(EXERCISE DATA):
_____

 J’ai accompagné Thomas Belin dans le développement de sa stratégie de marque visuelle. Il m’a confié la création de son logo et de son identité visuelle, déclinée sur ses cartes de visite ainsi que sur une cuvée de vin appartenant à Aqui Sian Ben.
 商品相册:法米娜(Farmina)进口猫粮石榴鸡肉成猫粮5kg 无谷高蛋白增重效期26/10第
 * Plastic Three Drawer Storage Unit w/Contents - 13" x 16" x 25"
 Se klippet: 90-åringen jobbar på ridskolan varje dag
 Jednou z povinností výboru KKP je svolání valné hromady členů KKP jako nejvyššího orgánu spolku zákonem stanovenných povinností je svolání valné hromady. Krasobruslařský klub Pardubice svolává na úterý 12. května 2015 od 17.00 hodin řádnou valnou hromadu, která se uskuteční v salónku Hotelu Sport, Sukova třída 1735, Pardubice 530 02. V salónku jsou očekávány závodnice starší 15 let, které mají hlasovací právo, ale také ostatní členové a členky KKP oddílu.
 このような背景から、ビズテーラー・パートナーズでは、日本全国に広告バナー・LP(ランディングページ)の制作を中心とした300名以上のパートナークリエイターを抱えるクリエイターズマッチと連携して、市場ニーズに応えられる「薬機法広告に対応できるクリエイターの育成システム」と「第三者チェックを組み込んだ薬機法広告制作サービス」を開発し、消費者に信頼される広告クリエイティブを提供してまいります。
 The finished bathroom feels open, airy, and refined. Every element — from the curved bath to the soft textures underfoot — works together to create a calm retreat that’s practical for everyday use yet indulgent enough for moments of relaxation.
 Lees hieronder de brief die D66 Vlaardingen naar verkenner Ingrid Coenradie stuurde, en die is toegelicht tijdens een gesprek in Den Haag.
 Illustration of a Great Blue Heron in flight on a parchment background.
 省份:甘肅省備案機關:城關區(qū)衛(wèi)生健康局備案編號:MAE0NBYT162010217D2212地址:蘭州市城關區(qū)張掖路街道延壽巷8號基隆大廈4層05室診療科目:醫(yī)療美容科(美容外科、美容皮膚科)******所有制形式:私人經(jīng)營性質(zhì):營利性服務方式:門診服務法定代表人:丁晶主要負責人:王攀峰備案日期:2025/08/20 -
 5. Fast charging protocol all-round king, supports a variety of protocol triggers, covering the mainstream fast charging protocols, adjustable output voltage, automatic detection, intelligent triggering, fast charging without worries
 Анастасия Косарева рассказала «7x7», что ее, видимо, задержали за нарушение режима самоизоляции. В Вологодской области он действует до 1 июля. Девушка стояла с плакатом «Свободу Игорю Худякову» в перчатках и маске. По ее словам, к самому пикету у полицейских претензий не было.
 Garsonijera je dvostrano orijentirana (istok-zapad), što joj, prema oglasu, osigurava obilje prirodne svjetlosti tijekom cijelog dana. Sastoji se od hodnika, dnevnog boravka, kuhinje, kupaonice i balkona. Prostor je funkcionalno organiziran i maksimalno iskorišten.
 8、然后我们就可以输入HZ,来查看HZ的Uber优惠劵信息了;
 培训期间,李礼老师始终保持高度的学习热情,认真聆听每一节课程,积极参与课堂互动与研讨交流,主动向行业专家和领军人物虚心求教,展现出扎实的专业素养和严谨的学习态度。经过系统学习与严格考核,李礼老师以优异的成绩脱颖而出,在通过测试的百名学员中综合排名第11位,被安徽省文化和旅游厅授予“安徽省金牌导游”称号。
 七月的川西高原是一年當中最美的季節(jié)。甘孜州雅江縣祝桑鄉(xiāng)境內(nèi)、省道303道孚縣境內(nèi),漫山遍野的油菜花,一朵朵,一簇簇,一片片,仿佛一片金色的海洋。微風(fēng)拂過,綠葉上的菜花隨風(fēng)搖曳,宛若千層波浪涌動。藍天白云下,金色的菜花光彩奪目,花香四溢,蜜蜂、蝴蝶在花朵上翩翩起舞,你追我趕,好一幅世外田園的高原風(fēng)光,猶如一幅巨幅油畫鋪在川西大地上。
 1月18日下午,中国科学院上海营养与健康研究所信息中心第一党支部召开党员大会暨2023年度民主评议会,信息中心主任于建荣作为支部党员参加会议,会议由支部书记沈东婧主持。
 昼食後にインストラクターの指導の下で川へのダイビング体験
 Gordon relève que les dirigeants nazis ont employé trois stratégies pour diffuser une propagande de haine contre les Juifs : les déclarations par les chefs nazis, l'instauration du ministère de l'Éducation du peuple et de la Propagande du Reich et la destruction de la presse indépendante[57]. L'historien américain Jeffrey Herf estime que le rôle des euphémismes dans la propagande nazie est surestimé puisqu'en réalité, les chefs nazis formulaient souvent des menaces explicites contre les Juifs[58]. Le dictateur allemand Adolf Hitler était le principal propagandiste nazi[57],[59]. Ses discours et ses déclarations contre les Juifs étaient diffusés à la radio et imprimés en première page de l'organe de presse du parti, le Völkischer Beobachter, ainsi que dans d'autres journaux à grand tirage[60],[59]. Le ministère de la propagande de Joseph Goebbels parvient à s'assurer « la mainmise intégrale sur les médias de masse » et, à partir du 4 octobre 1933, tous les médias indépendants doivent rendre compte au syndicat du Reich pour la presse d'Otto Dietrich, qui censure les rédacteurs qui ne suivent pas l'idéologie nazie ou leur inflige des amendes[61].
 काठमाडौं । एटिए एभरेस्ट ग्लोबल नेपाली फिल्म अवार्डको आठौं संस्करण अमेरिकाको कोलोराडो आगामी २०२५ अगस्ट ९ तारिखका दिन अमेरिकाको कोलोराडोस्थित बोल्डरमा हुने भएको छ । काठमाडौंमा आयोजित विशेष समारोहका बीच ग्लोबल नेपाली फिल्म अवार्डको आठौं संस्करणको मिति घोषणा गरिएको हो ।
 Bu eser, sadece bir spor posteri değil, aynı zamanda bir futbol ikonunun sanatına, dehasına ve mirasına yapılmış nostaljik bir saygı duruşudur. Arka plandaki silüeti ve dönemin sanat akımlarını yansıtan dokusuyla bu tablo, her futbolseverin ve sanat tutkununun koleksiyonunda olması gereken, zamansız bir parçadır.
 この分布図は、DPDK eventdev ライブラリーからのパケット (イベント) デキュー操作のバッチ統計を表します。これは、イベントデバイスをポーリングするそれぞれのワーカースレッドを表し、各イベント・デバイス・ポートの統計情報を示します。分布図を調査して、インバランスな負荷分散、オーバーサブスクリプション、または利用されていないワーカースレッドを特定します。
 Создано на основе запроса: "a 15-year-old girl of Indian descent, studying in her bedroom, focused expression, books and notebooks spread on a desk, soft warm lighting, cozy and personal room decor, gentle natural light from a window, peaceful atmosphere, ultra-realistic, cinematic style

_____

(ACTION ITEM):
Print nothing but the lines from the one that contains "काठमाडौं । एटिए" to the final line of the data, both included, exactly as they read.

(TASK SOLUTION):
 काठमाडौं । एटिए एभरेस्ट ग्लोबल नेपाली फिल्म अवार्डको आठौं संस्करण अमेरिकाको कोलोराडो आगामी २०२५ अगस्ट ९ तारिखका दिन अमेरिकाको कोलोराडोस्थित बोल्डरमा हुने भएको छ । काठमाडौंमा आयोजित विशेष समारोहका बीच ग्लोबल नेपाली फिल्म अवार्डको आठौं संस्करणको मिति घोषणा गरिएको हो ।
 Bu eser, sadece bir spor posteri değil, aynı zamanda bir futbol ikonunun sanatına, dehasına ve mirasına yapılmış nostaljik bir saygı duruşudur. Arka plandaki silüeti ve dönemin sanat akımlarını yansıtan dokusuyla bu tablo, her futbolseverin ve sanat tutkununun koleksiyonunda olması gereken, zamansız bir parçadır.
 この分布図は、DPDK eventdev ライブラリーからのパケット (イベント) デキュー操作のバッチ統計を表します。これは、イベントデバイスをポーリングするそれぞれのワーカースレッドを表し、各イベント・デバイス・ポートの統計情報を示します。分布図を調査して、インバランスな負荷分散、オーバーサブスクリプション、または利用されていないワーカースレッドを特定します。
 Создано на основе запроса: "a 15-year-old girl of Indian descent, studying in her bedroom, focused expression, books and notebooks spread on a desk, soft warm lighting, cozy and personal room decor, gentle natural light from a window, peaceful atmosphere, ultra-realistic, cinematic style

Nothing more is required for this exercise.